• _DATA SECTION_
■ ■ ■ ■ ■ ■ ■
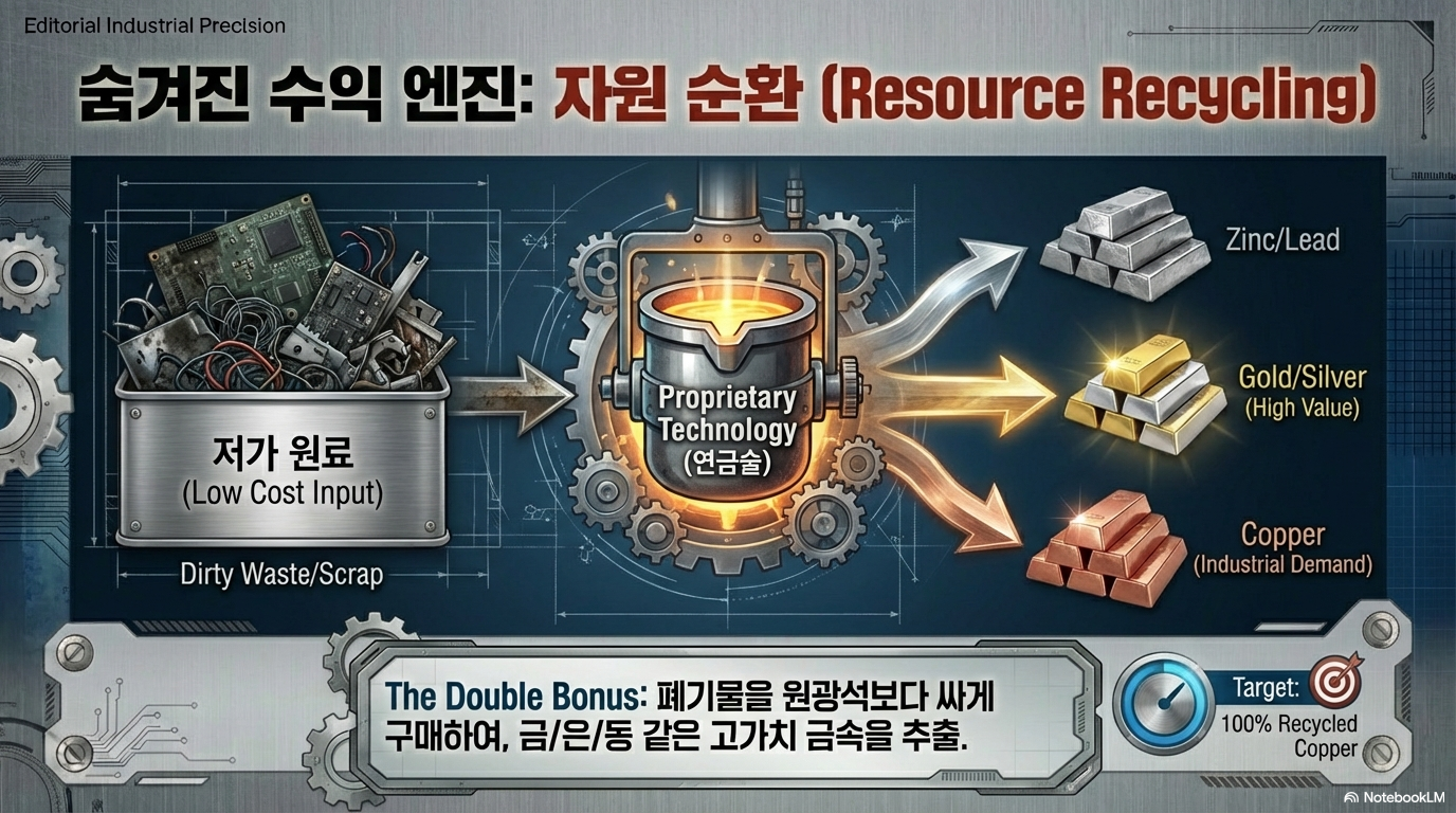 고려아연이 생산하는 동(구리)은 100% 재활용 원료에서 나온다. 광산에서 캐낸 광석이 아니라, 우리가 버린 폐서버나 스마트폰 같은 '전자 스크랩'이 그들의 구리 광산이다.
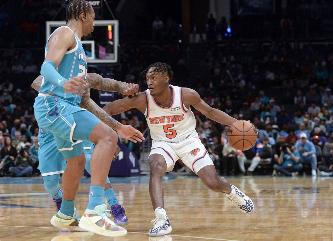 RJ Barrett scored 30 points and the New York Knicks used hot shooting to set the tone en route to a 121-106 victory over the host Charlotte Hornets on Wednesday night.
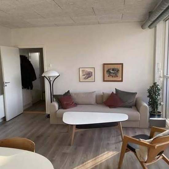 Beautiful bright 2-room apartment of 86 m² with balcony. The apartment is located on the 2nd floor of a quiet building on Staldgaardsgade and is set back from the street, so you do not hear noise from the street or from the city centre at all. At the same time, the apartment is very centrally located in Vejle, a 2-minute walk to the pedestrian street and everything Vejle city centre has to offer. The apartment consists of a large, bright bedroom with space for a small office. The bathroom is also nice and spacious, with a shower, toilet a...
■ ■ ■ ■ ■ ■ ■
• _ACTION ITEM_
Repeat the material verbatim but without any of its pictures.

• _RESULT FOR THIS EXERCISE_
 고려아연이 생산하는 동(구리)은 100% 재활용 원료에서 나온다. 광산에서 캐낸 광석이 아니라, 우리가 버린 폐서버나 스마트폰 같은 '전자 스크랩'이 그들의 구리 광산이다.
 RJ Barrett scored 30 points and the New York Knicks used hot shooting to set the tone en route to a 121-106 victory over the host Charlotte Hornets on Wednesday night.
 Beautiful bright 2-room apartment of 86 m² with balcony. The apartment is located on the 2nd floor of a quiet building on Staldgaardsgade and is set back from the street, so you do not hear noise from the street or from the city centre at all. At the same time, the apartment is very centrally located in Vejle, a 2-minute walk to the pedestrian street and everything Vejle city centre has to offer. The apartment consists of a large, bright bedroom with space for a small office. The bathroom is also nice and spacious, with a shower, toilet a...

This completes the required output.